Yuria et Ana espèrent combattre un jour en catégorie poids moyens (-75 kilos).
Ambitieuse, Idamelys "la dompteuse" rêve de "décrocher une médaille mondiale... et olympique".
Même assurance chez Yuria : "Si les hommes en sont capables, pourquoi pas nous ?", lance-t-elle.
Ce que souhaite Ana la Française, c'est avant tout boxer sous les couleurs de Cuba: "Si c'est ici que j'apprends tout, pourquoi aller représenter un autre pays ?", dit cette mince jeune femme.
Mais la réticence des autorités sportives cubaines à donner leur feu vert aux compétitions de boxe féminine "finit par décourager" les jeunes femmes désireuses de monter sur le ring, regrette Idamelys.
Pourtant, les sportifs semblent eux très ouverts à cette pratique: dans tous les gymnases de boxe de Cuba, les portes sont grandes ouvertes pour les femmes.
"Les garçons nous aident, ils ne nous discriminent pas", témoigne Ana.
Pour l'entraîneur Emilio Correa, si les compétitions de boxe féminine sont enfin autorisées à Cuba, la pratique deviendra immédiatement "massive". Car "ici, c'est l'île de la boxe".
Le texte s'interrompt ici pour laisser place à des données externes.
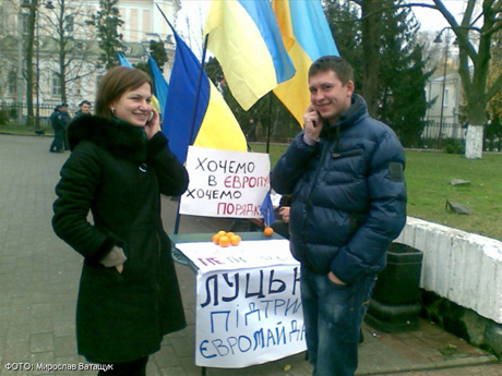 Евромайданы в регионах: в Луцке раздают апельсины, в Днепропетровске угрожают "титушкамы"
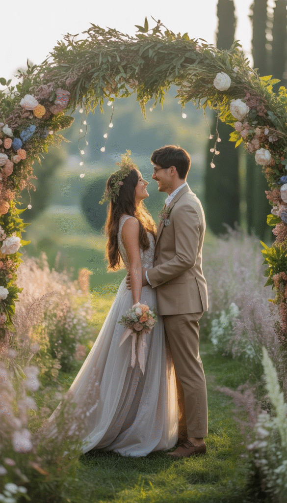 You can create a dreamy vibe with an arch wrapped in soft ivy and roses. The greenery adds a natural touch while the roses bring gentle color.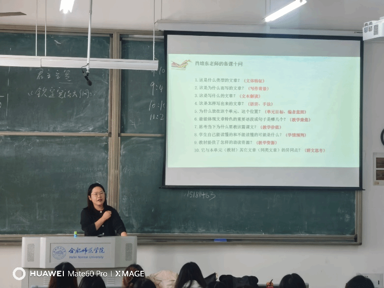 为贯彻师范认证的持续改进理念,推进汉语言文学专业课程建设,12月16日,Bwin必赢网址邀请安徽省教育科学研究院谢发茹老师走进“语文课程与教学论”课堂,为2024级汉语言文学专业师范生讲授“中学语文课堂教学提质路径探索”。

Les choses avaient semblé avancer en 2016 : le président de la Fédération cubaine de boxe, Alberto Puig, avait envisagé d'ouvrir les compétitions aux femmes. Mais trois ans plus tard, toujours rien.
"On ne peut pas nier aux femmes cubaines leur droit à participer à des compétitions" de boxe, déclare à l'AFP Alcides Sagarra, 82 ans, considéré comme le père de la boxe cubaine.
Et "elles finiront par avoir un bon niveau", prédit celui qui a formé plus de 80 champions olympiques et mondiaux, dont le légendaire Stevenson (1952-2012).
Pour les jeunes boxeuses, impossible de ne pas penser à Namibia Flores, un exemple de ténacité en la matière mais qui a atteint en 2016 les 40 ans - l'âge maximum fixé par la Fédération internationale de boxe pour participer aux jeux Olympiques, chez les hommes comme les femmes - sans réaliser son rêve olympique.
"Je n'ai pas envie qu'il nous arrive la même chose", dit Idamelys.
C'est aussi la place de l'île sur la scène mondiale de la boxe qui est en jeu, alors que la catégorie féminine prend de plus en plus d'ampleur dans les compétitions.